§ **Material provided**
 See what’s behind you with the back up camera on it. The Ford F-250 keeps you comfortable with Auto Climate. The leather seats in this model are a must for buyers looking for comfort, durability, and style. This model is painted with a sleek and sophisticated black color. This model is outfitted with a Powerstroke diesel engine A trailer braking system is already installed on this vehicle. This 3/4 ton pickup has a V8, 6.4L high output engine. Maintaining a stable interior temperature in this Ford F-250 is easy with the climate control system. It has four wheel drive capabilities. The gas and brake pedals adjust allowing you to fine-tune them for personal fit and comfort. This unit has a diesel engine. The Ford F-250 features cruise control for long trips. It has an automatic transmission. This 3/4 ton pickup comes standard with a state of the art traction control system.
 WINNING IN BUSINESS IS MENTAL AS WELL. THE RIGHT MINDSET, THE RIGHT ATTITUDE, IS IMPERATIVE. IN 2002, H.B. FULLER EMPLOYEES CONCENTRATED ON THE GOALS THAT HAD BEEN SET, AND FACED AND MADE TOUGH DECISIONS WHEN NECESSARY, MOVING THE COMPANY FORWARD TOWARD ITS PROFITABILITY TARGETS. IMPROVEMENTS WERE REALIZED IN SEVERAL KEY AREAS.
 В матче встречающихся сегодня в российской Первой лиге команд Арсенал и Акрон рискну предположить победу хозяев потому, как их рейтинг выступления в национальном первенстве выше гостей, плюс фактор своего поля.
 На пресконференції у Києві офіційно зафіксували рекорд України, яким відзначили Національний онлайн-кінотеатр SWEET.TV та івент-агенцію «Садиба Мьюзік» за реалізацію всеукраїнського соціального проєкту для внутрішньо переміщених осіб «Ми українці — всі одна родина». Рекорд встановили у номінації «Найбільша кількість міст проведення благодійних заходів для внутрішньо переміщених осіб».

§ **What the exercise asks**
Transcribe the data above exactly as it reads.

§ **Solved problem**
 See what’s behind you with the back up camera on it. The Ford F-250 keeps you comfortable with Auto Climate. The leather seats in this model are a must for buyers looking for comfort, durability, and style. This model is painted with a sleek and sophisticated black color. This model is outfitted with a Powerstroke diesel engine A trailer braking system is already installed on this vehicle. This 3/4 ton pickup has a V8, 6.4L high output engine. Maintaining a stable interior temperature in this Ford F-250 is easy with the climate control system. It has four wheel drive capabilities. The gas and brake pedals adjust allowing you to fine-tune them for personal fit and comfort. This unit has a diesel engine. The Ford F-250 features cruise control for long trips. It has an automatic transmission. This 3/4 ton pickup comes standard with a state of the art traction control system.
 WINNING IN BUSINESS IS MENTAL AS WELL. THE RIGHT MINDSET, THE RIGHT ATTITUDE, IS IMPERATIVE. IN 2002, H.B. FULLER EMPLOYEES CONCENTRATED ON THE GOALS THAT HAD BEEN SET, AND FACED AND MADE TOUGH DECISIONS WHEN NECESSARY, MOVING THE COMPANY FORWARD TOWARD ITS PROFITABILITY TARGETS. IMPROVEMENTS WERE REALIZED IN SEVERAL KEY AREAS.
 В матче встречающихся сегодня в российской Первой лиге команд Арсенал и Акрон рискну предположить победу хозяев потому, как их рейтинг выступления в национальном первенстве выше гостей, плюс фактор своего поля.
 На пресконференції у Києві офіційно зафіксували рекорд України, яким відзначили Національний онлайн-кінотеатр SWEET.TV та івент-агенцію «Садиба Мьюзік» за реалізацію всеукраїнського соціального проєкту для внутрішньо переміщених осіб «Ми українці — всі одна родина». Рекорд встановили у номінації «Найбільша кількість міст проведення благодійних заходів для внутрішньо переміщених осіб».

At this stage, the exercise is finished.